Starting point is 00:35:08 And I was also suffering from quite a few, like, nervous breakdowns. Oh, really? Yeah, so as I hit sort of 19 and I was in second year of uni, my brain sort of broke. Pushing yourself too hard? I think I was becoming too enamored with the idea of suffering. Oh, really? Yeah, it was, it felt quite indulgent, I think, maybe now in hindsight. That sounds like something my conservative parents might have said.
Starting point is 00:35:37 Yeah, it felt a bit, but I felt like, you know, when you, it's almost like I was on autopilot, and then I suddenly had to start driving. I had to try and take control of this speeding vehicle, and it was so harrowing to me. and I felt like all my nerve endings were exposed. And every single concept that I was studying, I was looking around and seeing it and feeling a helplessness that really, really destabilized me. Can you give me some specific examples?
Starting point is 00:36:07 Like, I did study abroad in Paris, and I was studying the history and the historiography of modern Africa. And my lecturer was a white male. and the way he spoke about my home with a almost sociopathic detachment made me want to kill myself and he described us like we almost like
Starting point is 00:36:35 you know if you saw a dog talking quite intrigued I've seen dogs talking yeah she's having a little nutter yeah it's just and it really and I couldn't put my finger on how casual He was about, you know, like we were also talking about security and securitization in Africa. So he was talking about the Congo.

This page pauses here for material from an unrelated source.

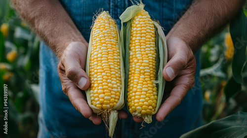 dos elotes recien cortados por el agricultor cosecha de alimentos del campo saludables en la naturaleza agricultura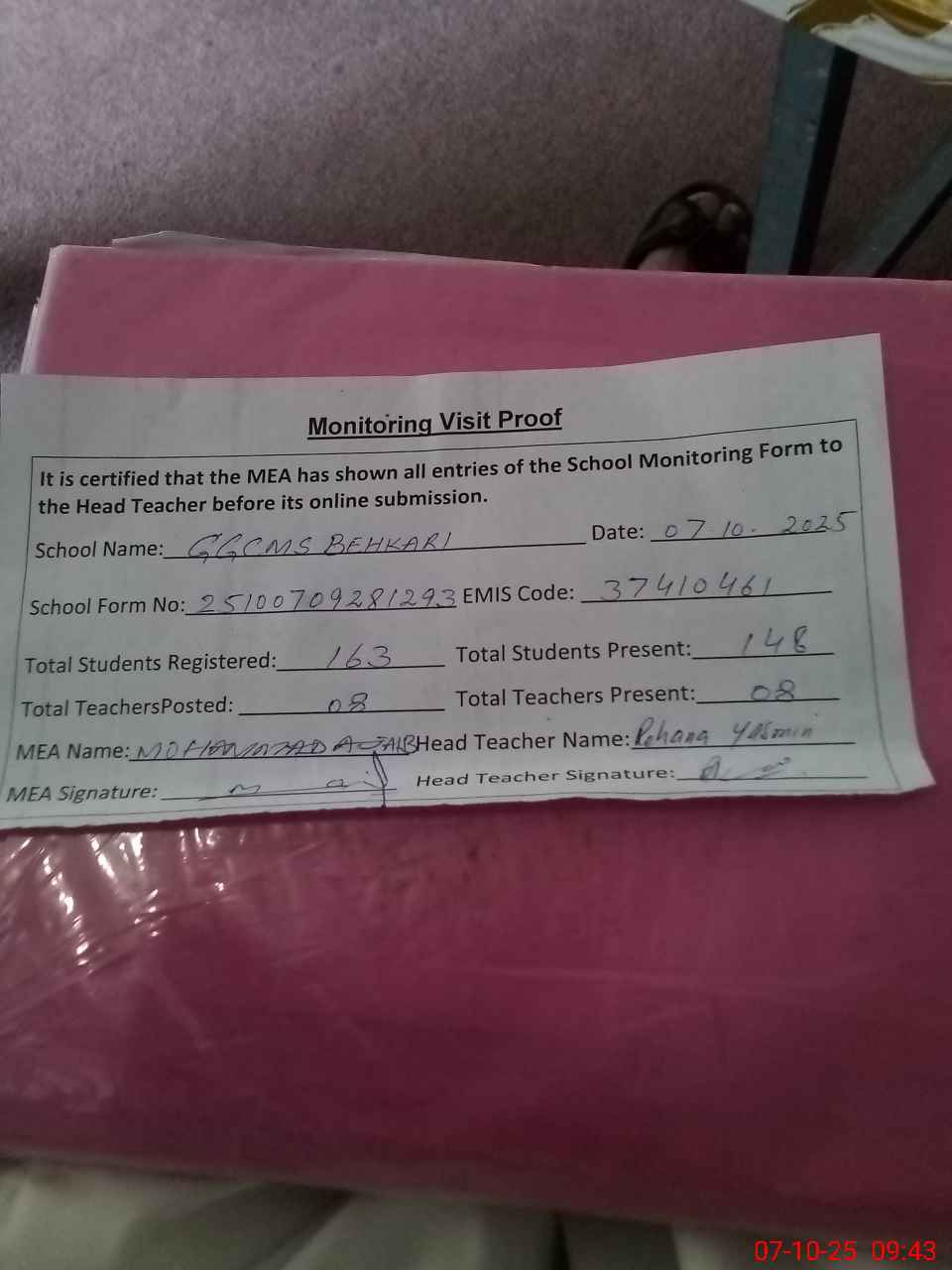 | EMIS Code: 37410461 | Name of School: GGCMS BEHKARI | |||

Starting point is 00:37:00 And he would go, his eyes would go, like, he looked excited to describe why violence is inevitable in that part of the world. And I was just, also, I also didn't feel clever enough, or confident enough to challenge it. And I didn't feel like I had the language to challenge it. And all the context I had was like, but, I don't know. I don't know that that's what I feel as a person of African descent. That's violence is in my bones or in myself. I've taken a couple of slaps, but it doesn't mean that's all I am. Do you know what I mean?
Starting point is 00:37:32 And that really, really robbed me the wrong way. Those kinds of things, they filled me with rage. And I didn't know where to put it. And I think it made me quite sick, like physically, physically ill. Because I think when you're realizing that your life doesn't matter, your life matters least structurally, you can go a bit insane because it's very painful to internalise that. Do you still feel like that? Or do you think that you were more in touch in a painful way with your identity at that point rather than being able to have more generalised, detached
Starting point is 00:38:07 conversations? Yes. I think what it feels like I was always like hurtling towards a point where performance and comedy would become a vehicle for me to talk about all right. To talk about it, to put my pain and my rage. Put it there sustainably rather than allowing it to crush my spirit. And I think I'm just so grateful to like comedy as a sort of concept that that's how I get to access myself and to face my soul and to share those experiences with other people. And it's now a choice that this is upsetting to me and it can move through me and I can share that upset with other people. without it being didactic or, you know, you know, like clapping comedy.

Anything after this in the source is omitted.